Wednesday, March 2, 2016

Being here Now

Because I was born way in last century I've seen a lot of changes.

Today we have luxuries, gadgets, toys, and prosperity that people would have only dreamed of in the forties and fifties. And today we take those things for granted.

In the midst of last century a typical home was around 1200 square feet. About half of what most of us live in today.

Almost everyone today has a cell phone - even the homeless. And our phones today, with their internet connections, give us access to more data than Bill Clinton had when he was president.

Families usually have more than one television, a magical device that didn't show up until the early fifties.

I lead with this stuff to make a point about something that hasn't changed. And what hasn't changed is that we humans have the idea that we'll be happier with more of something. A better car. Job. House. Clothing. Job. Education.

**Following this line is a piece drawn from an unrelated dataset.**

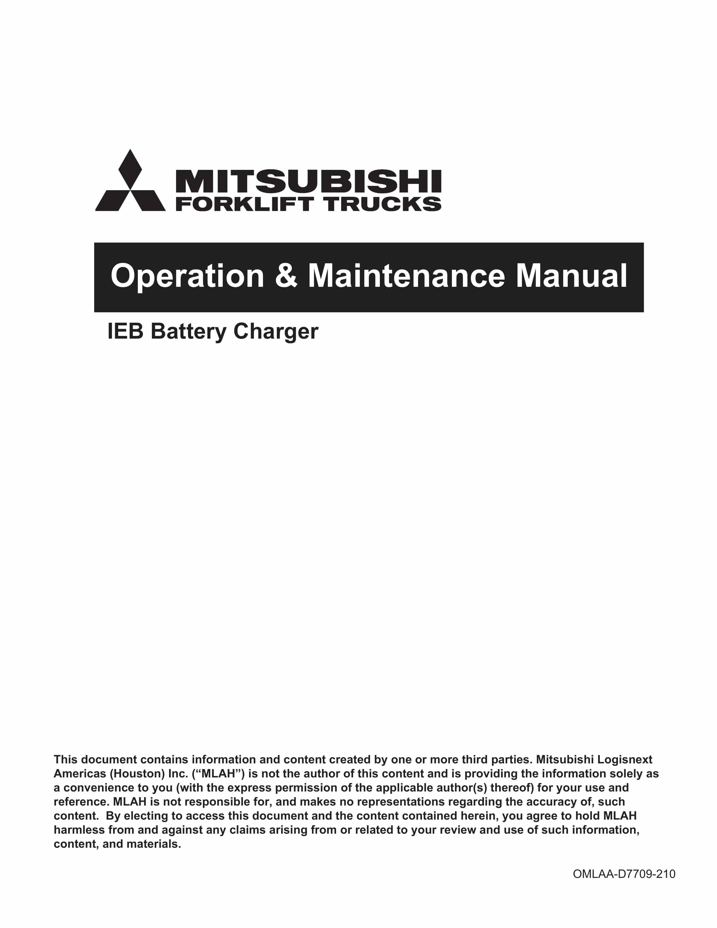Mitsubishi IEB Battery Charger Operation and Maintenance Manual OMLAA-D7709-210

And that's the way it was back then also. And I was one of the guilty ones who thought life would be better if I just had more stuff. Money. Girlfriend. Freedom. Etc. I was no different than anyone else.

But today, being 25 years in recovery I have a different outlook. At least most of the time.

Today I realize that this moment is where I can be happy. Not tomorrow. Not in the good old days. But right now.

I decided a few years ago that I was going to enjoy the journey and stop thinking of the destination.

Does that mean we shouldn't strive to better ourselves? No. Does that mean we shouldn't anticipate our next vacation?  Of course not, that's half the pleasure in life: anticipation.

But when these thoughts keep me from enjoying this slice of time God has given me, that's not okay.

It's fun to not hurry and enjoy the scenery along the way.  And I don't want to miss any of it.